Bioinformatics for understanding the genetics of antimicrobial resistance
Hear from Prof Sam Sheppard
As bacteria grow and replicate, random changes called mutations occur in genetic code leading to variations in the traits of different strains of bacteria. Bacteria with traits that protect against antimicrobials like antibiotic medicines are called resistant bacteria.
When bacterial populations are exposed to antimicrobial medicines, bacteria with protective traits are better able to survive and reproduce. This means more of their genes, which encode protective traits, are passed on to future generations of bacteria. This process is called natural selection, wherein resistant strains outcompete other strains without protective traits.

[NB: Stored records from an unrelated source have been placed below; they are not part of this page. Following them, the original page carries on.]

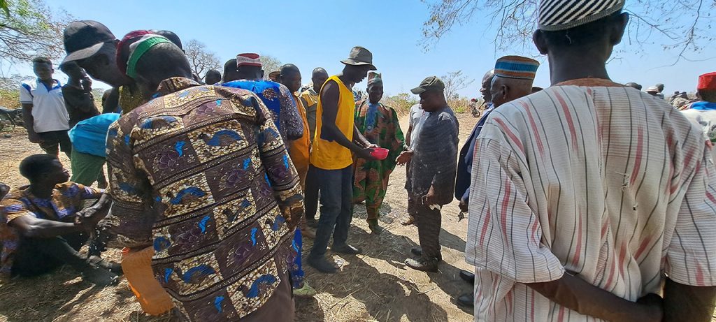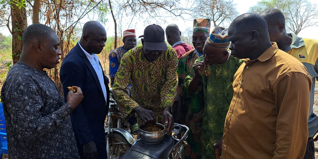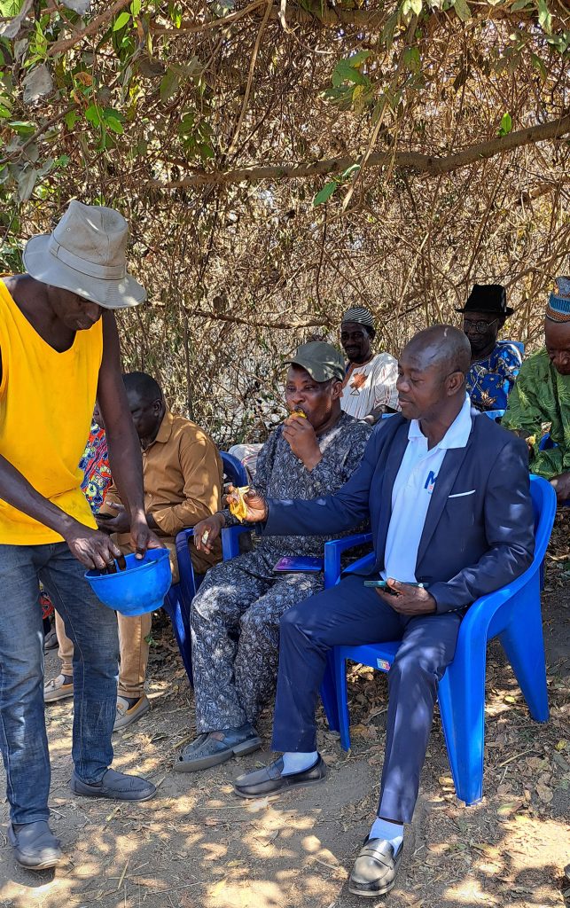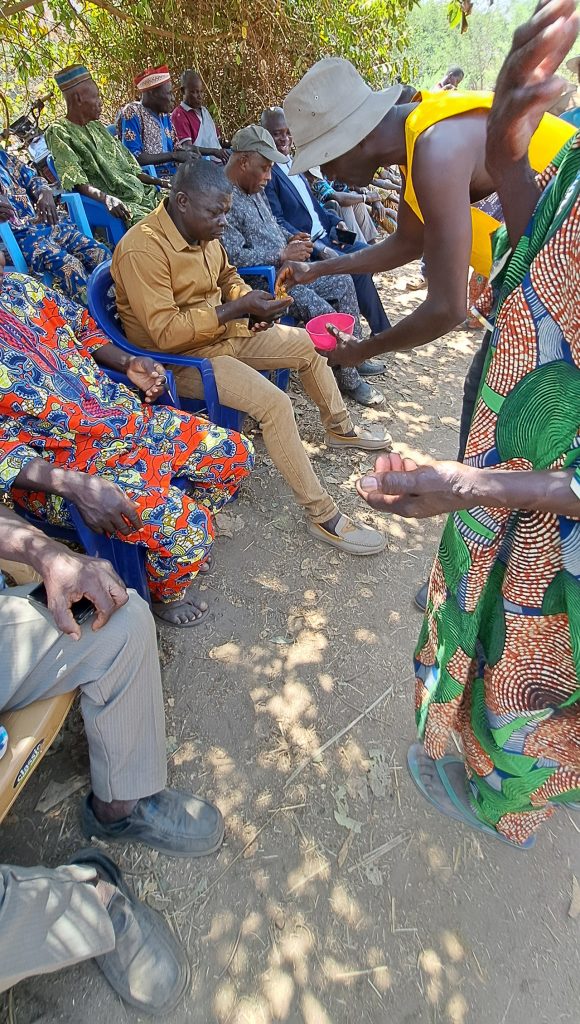 Elle est présidée par le chef du village Adjibarou sur la rive droite du fleuve Ogou et deux sages du village d’Awayo sur la rive gauche en présence des chefs de villages et leurs bureaux de comité villageoise de développement, les chefs de quartiers, le chef de canton, le président du comité cantonale de développement de Gbadjahè, de l’honorable député à l’Assemblée Nationale, du Maire de la commune Est-Mono 1, les autorités locales et traditionnelles et la vaillante population du canton de Gbadjahè sortie massivement pour exprimer leur joie à la cérémonie de libation qui marque les préliminaires des travaux préparatoires de construction du pont sur le fleuve Ogou. Ils ont immolé deux poules, une chèvre de couleur noire, un bélier de couleur blanc et versé des liqueurs et du boisson local tchoukoutou par terre à la suite des prières dites à haute voix devant les populations. Diverses sollicitations relatives au vivre ensemble et à la bonne collaboration entre les agents de l’entreprise Matière et la population bénéficiaire du joyau et à la réussite des travaux de construction du pont dans le délai imparti.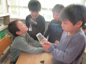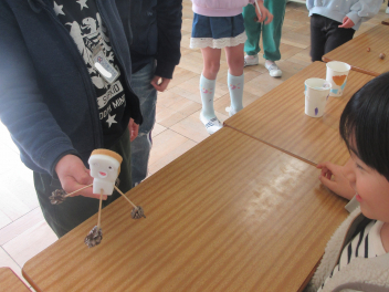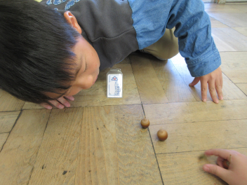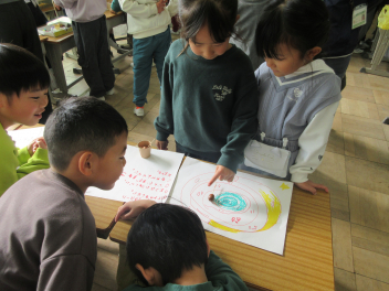 「どんぐりのやじろべえが面白かったよ。」「どんぐりごまの上手な回し方を教えてもらったよ。」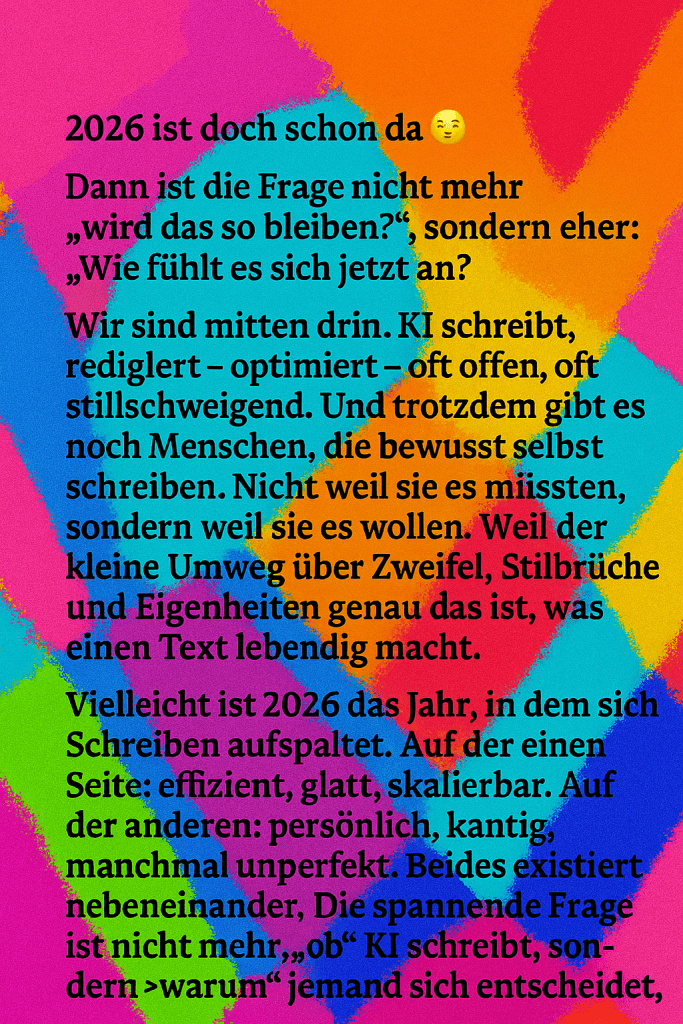 Vielleicht ist 2026 das Jahr, in dem sich Schreiben aufspaltet. Auf der einen Seite: effizient, glatt, skalierbar. Auf der anderen: persönlich, kantig, manchmal unperfekt. Beides existiert nebeneinander. Die spannende Frage ist nicht mehr, ob KI schreibt, sondern warum jemand sich entscheidet, es selbst zu tun.
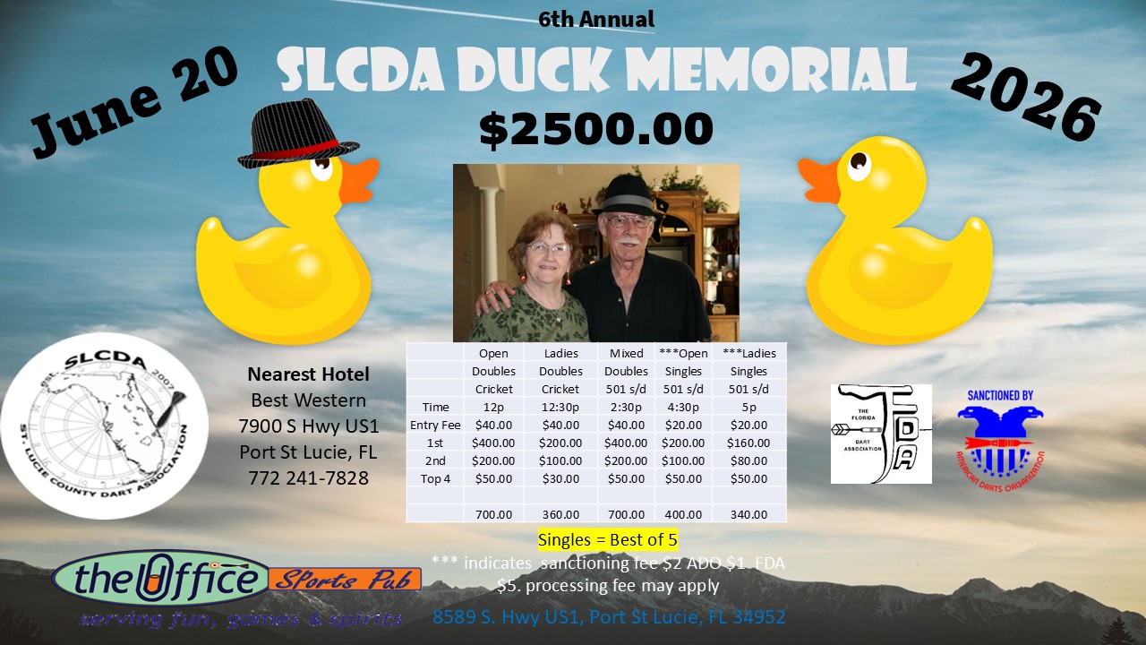 | Sanctioning Status: ✅ Approved! Date: 2026-06-20 thru 2026-06-20 Boards: 15 Address: 8589 S Hwy US 1 City: Port St. Lucie, FL 34952 Region: 4-5 Host Affiliation: FLA - Florida Dart Association Inc. Contact 1: Laura Lentoski Phone 1: (954) 214-2900 Email 1: click here to email WDF Ranked Event: not WDF ranked | ![]() | |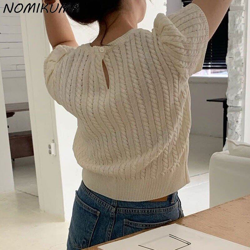 Nomikuma 薄いツイスト半袖プルオーバーニット因果 O ネック女性セーター 2022 夏甘いニットトップ ショート ハーフスリーブ 大人ガーリー スウィート キュート カジュアル サマー 夏物 Oネック kor81266140116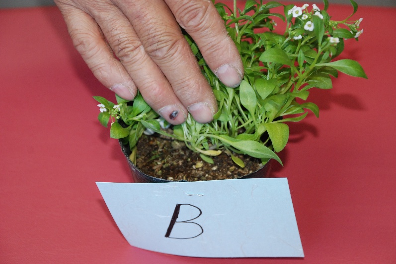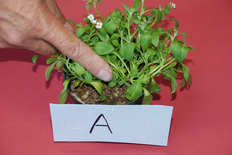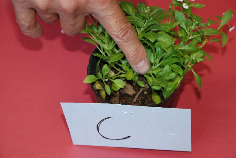 Aは、土が乾きすぎで遅いタイミングです。 Bは、土が白っぽく乾き初め水かけのベストタイミングです。 Cは、土が湿っているのでもう少ししてから与えます。 |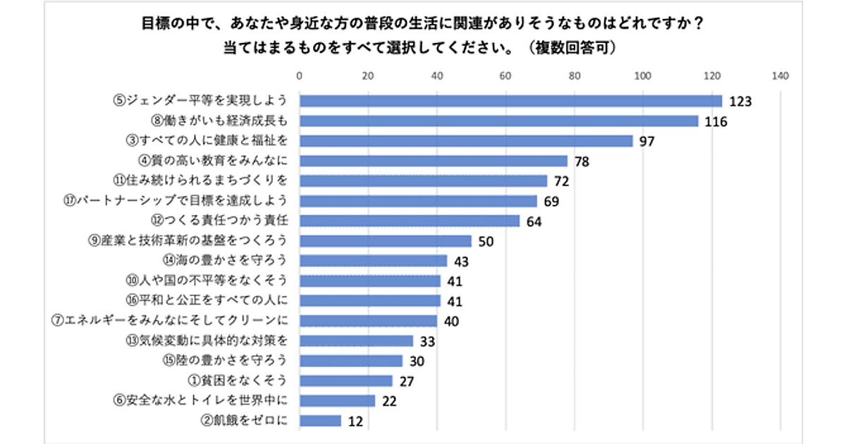 まず「SDGsに関心がある」とした回答者164人が、「普段の生活に関連がありそうなもの」と感じた目標は、「ジェンダー平等を実現しよう」123票、「働きがいも経済成長も」116票、「すべての人に健康と福祉を」97票が上位3項目となった。一方で「飢餓をゼロに」は12票で、ジェンダー平等のほぼ10分の1に留まった。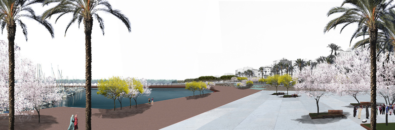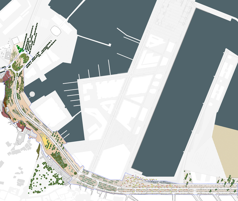 En els seus extrems, el projecte resol el contacte de les infraestructures portuàries amb les noves zones urbanes: en l'extrem nord, articula els accessos als molls de ferrys i el port de pescadors: en l'extrem sud, s'obri al port esportiu i la platja.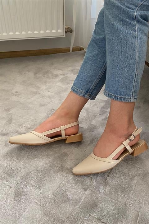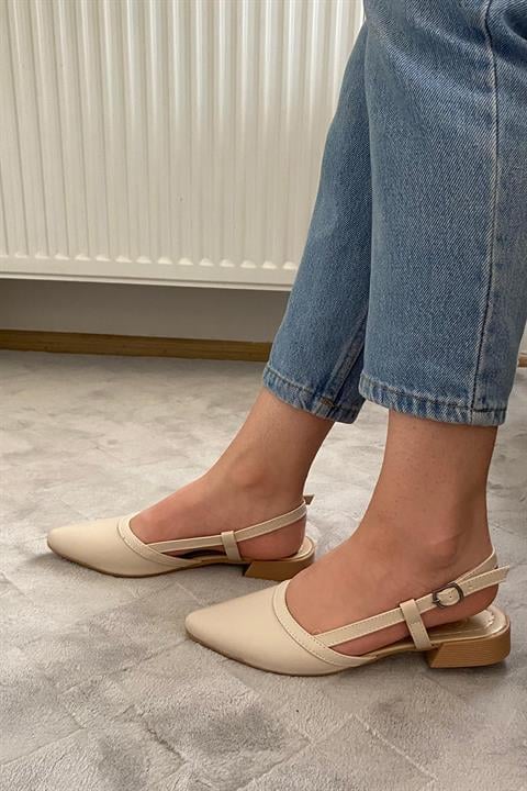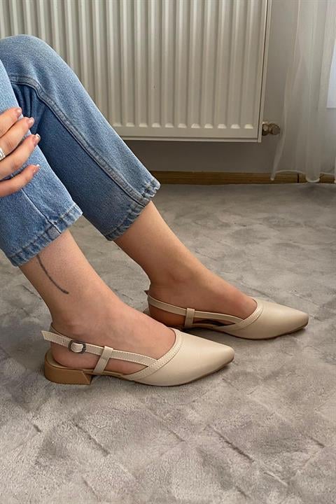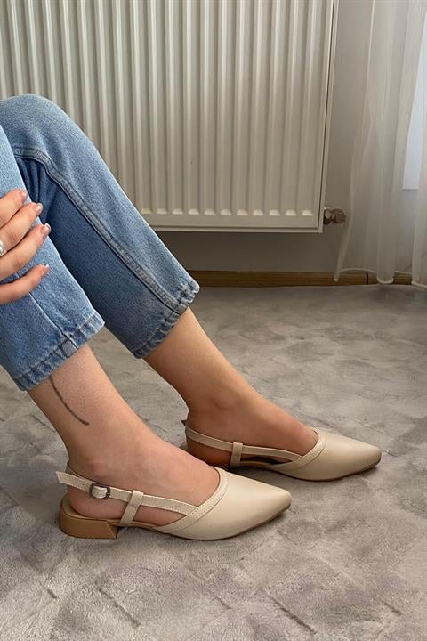 Kadın Tena Bej Cilt Arkası Acık Sivri Burun Günlük Babet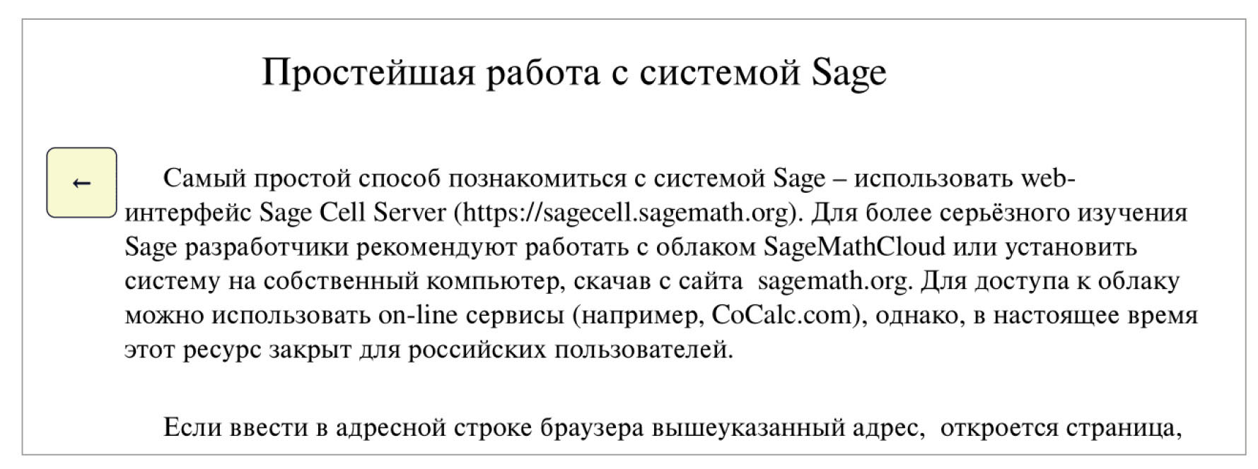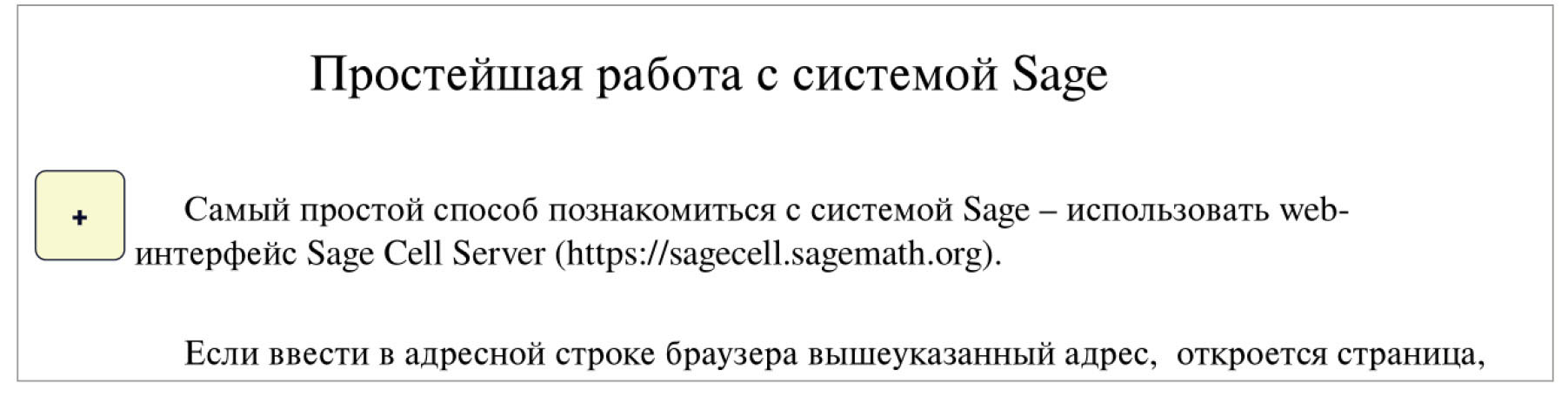 С использованием редактора 3Е было создано расширяемое эссе, посвященное основам работы с системой компьютерной алгебры Sage. При написании эссе мы опирались на книги В. Штейна [9], П. Циммермана и др. [10], A. Зобнина и др. [11] и использовали документацию сайта системы Sage [12]. В эссе описаны элементарные средства Sage и показана работа с многочленами и с матрицами.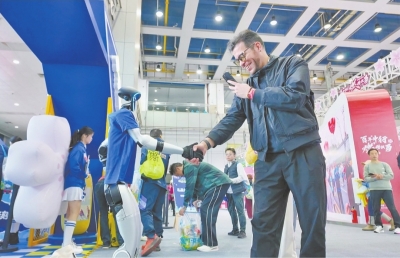 3月20日,在武汉国际会展中心,2025武汉马拉松迎来了首个参赛选手报到领物日。现场人形机器人志愿者吸引了众人的目光,机器人志愿者不时向大家挥手,选手则纷纷与其互动拍照。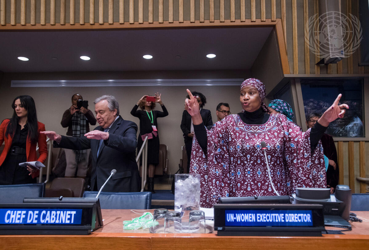Phumzile Mlambo-Ngcuka (right), Executive Director of the United Nations Entity for Gender Equality and the Empowerment of Women (UN Women), leads participants of a townhall meeting - held as part of the sixty-third session of the Commission on the Status of Women - in singing ""The Truth Shall Set You Free"", as Secretary-General António Guterres (left) arrives for the meeting.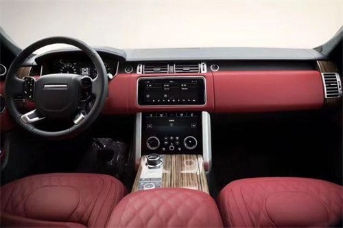 这台路虎皇家一号采用当下顶级奢华的双色车身,熏黑的LED大灯,机盖上的路虎字母无时不在的彰显着身份 ,这台前脸是标志性的揽胜 (配置|询价)的设计,仔细看你会发现端倪,22寸的锻造轮毂,一只就要几万,2000mm的车身高度,比普通揽胜高出131mm

Understanding how genes change and mutate over time is essential to tackle the rise of antimicrobial-resistant pathogens.
Researchers at the IOI are developing bacterial genome databases, new bioinformatics approaches and performing large-scale analyses to understand resistance evolution and spread. These analyses are complemented with laboratory experiments which describe the molecular mechanisms underlying important bacterial traits. Ongoing research initiatives include:
- Global bacterial genome databases (PubMLST.org)
- High Performance Computing for ‘Big Data’ analysis
- Bioinformatics for understanding the genetics of trait variation
- Machine learning the emergence and spread of resistant strains and genes
- Artificial Intelligence for risk prediction
Technological advances bring new opportunities and challenges. IOI is harnessing the power of bioinformatics to understand the evolution of germs, genes and genomes. Armed with this knowledge we can target interventions aimed at reducing AMR.